*Goal of the exercise*. The copy should hold exactly the lines below from the one that contains "The sampling algorithm" through the one that contains "10月17日中午12点,太阳" and nothing else, so no pictures.

··· Records shown

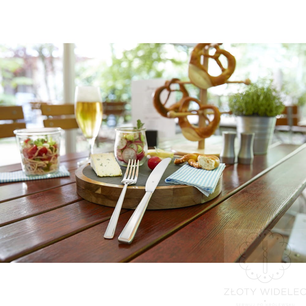 Każdy element zestawu wykonano z opatentowanej stali nierdzewnej Cromargan® 18/10, odpornej na rdzę, kwasy spożywcze i zarysowania. Polerowana powierzchnia nadaje sztućcom elegancki połysk, a możliwość mycia w zmywarce gwarantuje wygodę i higienę użytkowania na co dzień.
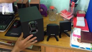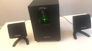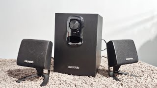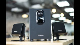 Активная акустическая система класса 2.1 от Microlab со встроенным усилителем. В нее входят настольные сателиты-пищалки и компактный сабвуфер, который обычно размещают на полу под столом. Microlab M-108 отличается от других популярных систем класса 2.1 своими габаритами. Общий вес комплекта составляет всего 2 кг, а суммарная мощность составляет скромные 11 Вт (6 Вт сабик + 2.5 Вт для каждого саттелита).
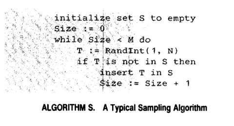 The sampling algorithm from the 1984 column, algorithm ‘S’, worked as follows:
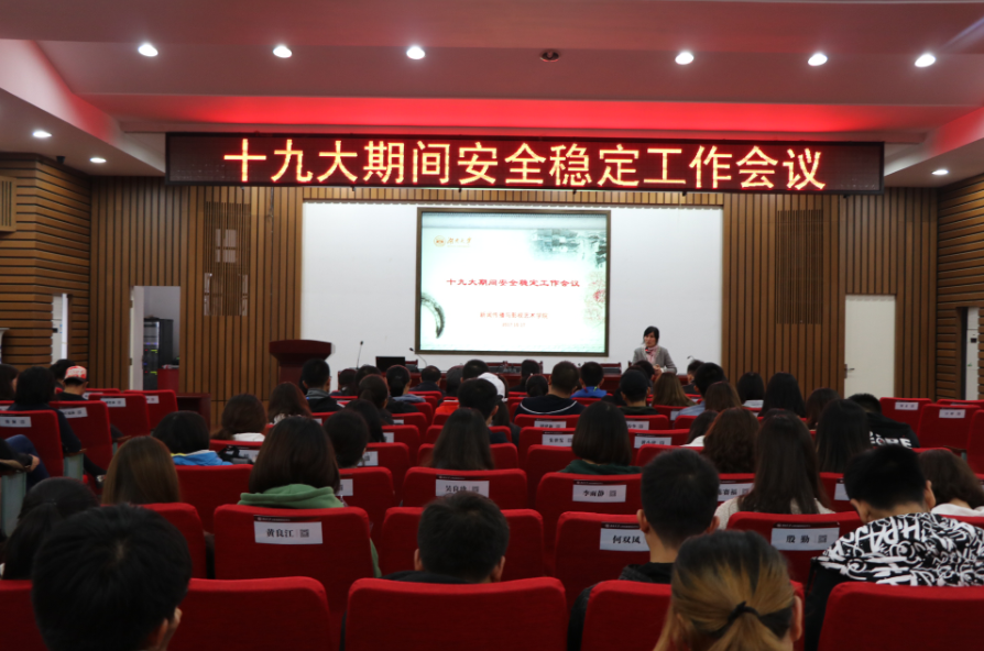 10月17日中午12点,太阳成集团tyc33455cc新闻传播与影视艺术公司在北楼217教室召开员工干部大会,会议部署了十九大期间有关安全稳定方面的工作。公司党委书记胡建国,党委副书记兼副经理程华,学工办主任刘婵,辅导员刘佳、丁杨、潘少光老师出席会议。公司分团委、员工会全体成员,研究生会主要干部、年级长、团总支以及各班班长、团支书参加会议。本次会议由程华副书记主持。
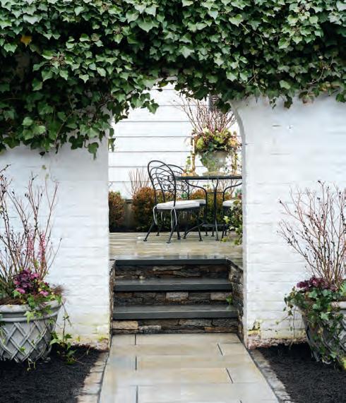 Tucked away, the Secret Garden designed by landscape designer Kelly McGovern was given a new lease on life with hardy plantings and complementary hardscape. Shown here in Riverside Multi, porcelain pavers from the Gault Collection are not only good looking but extremely durable—resistant to fading, scratching, staining, mildew and frost—to stand up to harsh New England weather.
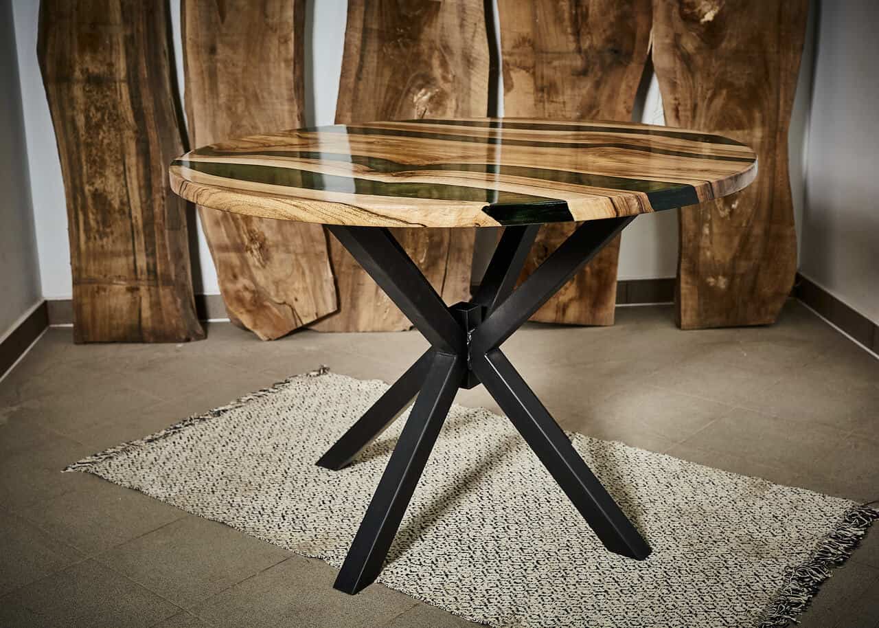Stół Szmaragd z drewna orzecha z zieloną żywicą epoksydową o okrągłym kształcie i średnicy 110 cm – mebel, który zachwyca swoim designem i elegancją.
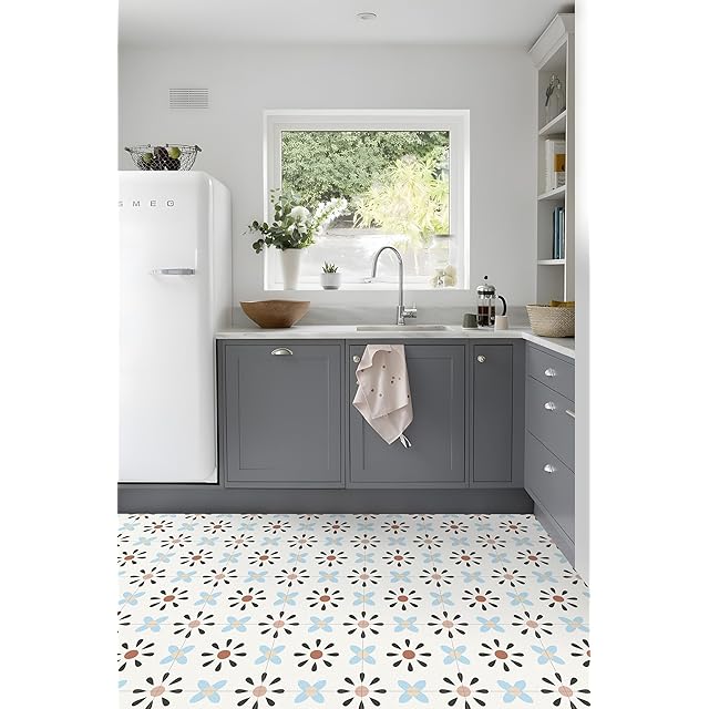 MORCART フロアタイル 置くだけ フロアシート 貼るだけ 接着剤不要 床 シート DIY トイレ 浴室 玄関 キッチン 床 リメイクシート フローリングシート 防水 滑り防止 剥がせる 賃貸OK (20*20cm*10枚, おはようの花) | つむぎ屋
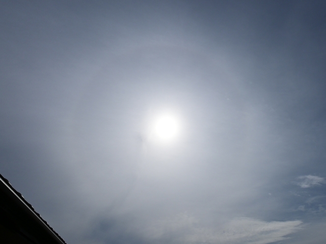 | 梅雨前線は南下して途切れていますが、上層・中層の雲が 東西に延びてやって来ました。朝には巻層雲の霧状雲で 22°ハロが生じていました。その後、青空と高積雲の空。 日没後、ピンク色に染まる夕焼け雲(たぶん高積雲)も。 |
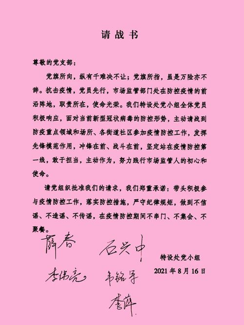 特設(shè)處黨小組請(qǐng)戰(zhàn)書(shū)

······

*Worked solution*.
 The sampling algorithm from the 1984 column, algorithm ‘S’, worked as follows:
 10月17日中午12点,太阳成集团tyc33455cc新闻传播与影视艺术公司在北楼217教室召开员工干部大会,会议部署了十九大期间有关安全稳定方面的工作。公司党委书记胡建国,党委副书记兼副经理程华,学工办主任刘婵,辅导员刘佳、丁杨、潘少光老师出席会议。公司分团委、员工会全体成员,研究生会主要干部、年级长、团总支以及各班班长、团支书参加会议。本次会议由程华副书记主持。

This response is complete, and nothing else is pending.